However, the macro can only return a single value if it only has macro statements in addition to that value. Meaning, every line has to start with a %. Anything that doesn't start with % is going to be returned (and some things that do start with % might also be returned).
So the important question is, How do I return only a value from a macro.
In some cases, like this one, it's entirely possible with only macro code. In fact, in many cases this is technically possible - although in many cases it's more work than you should do.

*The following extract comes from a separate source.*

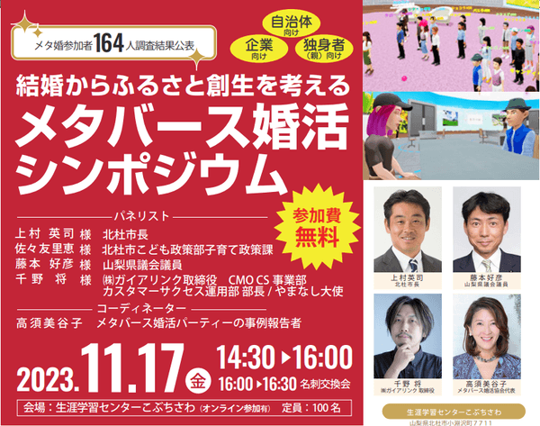 一般社団法人メタバース婚活協会(本社東京都渋谷区、支所山梨県笛吹市、代表理事:高須美谷子)は、 国の掲げる「異次元の少子化対策」の意見交換の場として、2023年11月17日(金)に生涯学習センターこぶちざわにて、オンライン併用のシンポジウムを開催します。
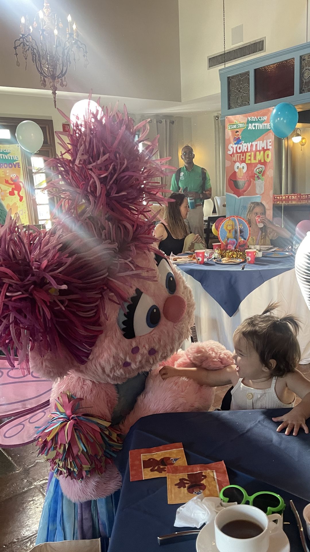 Each day they have a full schedule of activities and games so you can pick and choose what time frames you may want your little one to visit at. It is VERY common for some Sesame Street characters to visit and do some fun learning games with the kids. Our first visit to the The Kids Club had us meeting Abby Cadaby who was doing a counting exercise with the Toddler kids.

Jack Hamilton's linked paper includes an example that's appropriate here. He dismisses this example, but that's largely because his paper is about counting observations in cases where NOBS is wrong - either with a WHERE clause, or in certain other cases where datasets have been modified without the NOBS metadata being updated.
In your case, you seem perfectly happy to trust NOBS - so this example will do.
A macro that returns a value must have exactly one statement that either is not a macro syntax statement, or is a macro syntax statement that returns a value into the processing stream. %sysfunc is an example of a statement that does so. Things like %let, %put, %if, etc. are syntax statements that don't return anything (by themselves); so you can have as many of those as you want.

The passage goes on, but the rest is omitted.